Vômito fossilizado de 290 milhões de anos é identificado por pesquisadores na Alemanha
Na Alemanha, pesquisadores de Berlim localizaram a evidência terrestre mais antiga de vômito fossilizado, datada de 290 milhões de anos. O material, detalhado na revista Scientific Reports em março de 2026, foi achado no sítio de Bromacker. A amostra contém 41 fragmentos ósseos de três indivíduos de Eudibamus e *Thuringothyris
Paleontólogos do Museum für Naturkunde de Berlim identificaram, em uma rocha na Alemanha, o registro mais antigo de vômito fossilizado em ambiente terrestre. O material, datado de 290 milhões de anos, oferece dados sobre o comportamento de predadores de topo 50 milhões de anos antes do surgimento dos dinossauros.

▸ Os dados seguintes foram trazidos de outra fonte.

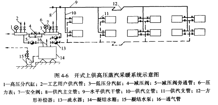 圖4-6為開(kāi)式上供高壓蒸汽采暖系統(tǒng)的示意圖。由鍋爐房將蒸汽輸送到熱用戶(hù)。首先進(jìn)入高壓分汽缸1,將高壓蒸汽分配給工藝生產(chǎn)用汽。高壓分汽缸上可分出多個(gè)分支,向有不同壓力要求的工藝用汽設(shè)備供汽。蒸汽經(jīng)減壓閥4減壓后進(jìn)入低壓分汽缸3。減壓閥設(shè)有旁通管5,供修理減壓閥時(shí)旁通蒸汽用。安全閥7限制進(jìn)入采暖系統(tǒng)的最高壓力不超過(guò)額定值。從低壓分汽缸3上還可以分出許多供汽管,分別供通風(fēng)空調(diào)系統(tǒng)的蒸汽加濕、汽水換熱器以及蒸汽加熱器和用蒸汽的暖風(fēng)機(jī)等用汽設(shè)備。系統(tǒng)中設(shè)有疏水器13,將沿途以及系統(tǒng)產(chǎn)生的凝結(jié)水排到凝結(jié)水箱14中,凝結(jié)水箱上有通氣管16通大氣、排除箱內(nèi)的空氣和二次蒸汽,也因此稱(chēng)為開(kāi)式系統(tǒng)。凝結(jié)水箱中的水由凝結(jié)水泵15送回凝結(jié)水泵站或熱源。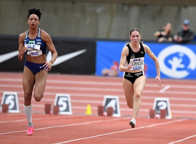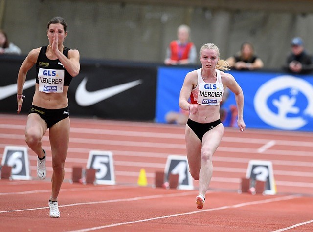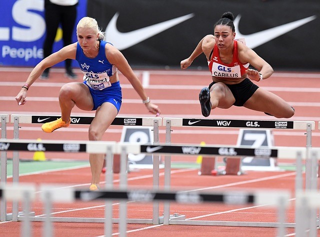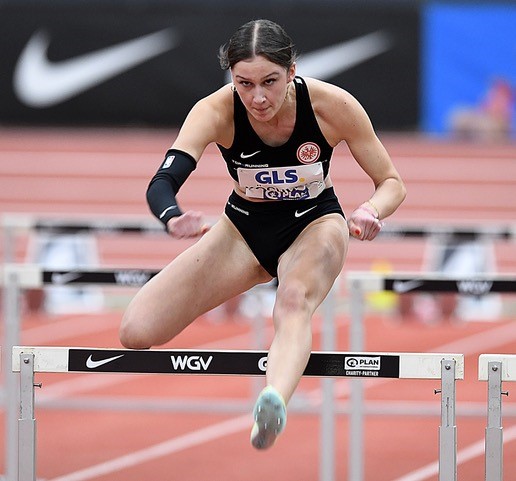 60 Meter Hürden: Für Finja Köchling Eintracht Frankfurt endete die DM nach 8,68 Sekunden mit einer neuen Bestzeit. Laury Carilus (LAV Kassel) kam auf 8,64 Sekunden. Im Finale beendete Cindy Roleder (SV Halle) ihre lange und auch international erfolgreiche Karriere nach 8,17 Sekunden mit einer Bronzemedaille. Auf der Ehrenrunde wurde die Hallenserin zusammen mit Siegerin Monika Zapalska (TV Wattenscheid/8,10 sec.) von den Zuschauern begeistert gefeiert. Die Vizemeisterschaft ging an Marlene Meier (Bayer 04 Leverkusen/8,15 sec.), Tochter des ehemaligen Top-Zehnkämpfers Paul Meier (PB 8548 Pkt.).

O achado, detalhado em estudo publicado em 2 de março de 2026 na revista Scientific Reports, do grupo Nature, foi localizado no sítio paleontológico de Bromacker, situado no Geoparque Inselsberg, na Turíngia.
O objeto, catalogado como nódulo MNG 17001, possui 5 centímetros de diâmetro e abriga 41 fragmentos ósseos, todos com menos de 2 centímetros. A análise por meio de scanner de alta precisão permitiu a tomografia do nódulo sem destruí-lo, revelando alinhamentos que comprovam a passagem dos ossos pelo sistema digestório. A classificação técnica como regurgitalito, em vez de coprólito (fezes fossilizadas), foi confirmada pelo baixo teor de fósforo e pela ausência de matriz sedimentar típica de processos de digestão completa.
Os fragmentos recuperados, que incluem partes de mandíbula, crânio e membros, pertencem a pelo menos três indivíduos de diferentes espécies. Foram identificados como *Eudibamus* e *Thuringothyris*, tetrápodes reptilianos ágeis que habitavam as planícies fluviais do Permiano alemão e se alimentavam de material vegetal e insetos. A análise indica que o predador consumiu as três presas em uma única refeição e expulsou os resíduos indigestos rapidamente, antes que os sucos gástricos os dissolvessem.
A identidade do caçador ainda é trabalhada como hipótese, baseada na anatomia de mandíbulas, espécies locais e tamanho dos fragmentos. Os principais suspeitos são dois sinapsídeos, ancestrais dos mamíferos: o *Dimetrodon teutonis*, um dos maiores vertebrados terrestres do início do Permiano e detentor de uma vela dorsal, ou o *Tambacarnifex unguifalcatus*, predador menor com garras afiadas e mandíbulas robustas.
A descoberta sugere que os predadores de topo do início do Permiano atuavam como carnívoros generalistas e oportunistas, incluindo pequenos vertebrados em seu cardápio. Esse comportamento diverge de parte da literatura paleontológica, que costuma descrever esses animais como caçadores especializados em presas grandes. Mark MacDougall, professor da Brandon University, afirma que o registro amplia o conhecimento sobre a dieta de sinapsídeos primitivos.
A preservação excepcional do material é atribuída às condições geológicas de Bromacker. A região, composta por camadas de planícies de inundação sazonais, favorecia o soterramento veloz de organismos por lodo fino e sedimentos durante as cheias dos rios.
O nódulo MNG 17001 encontra-se atualmente na Friedenstein Stiftung, em Gotha. A equipe de pesquisa ressalta que, por documentar um evento alimentar isolado, o achado não permite a generalização da dieta de toda a fauna predatória do Permiano, motivo pelo qual o material passará por novas análises nos próximos meses para refinar as conclusões.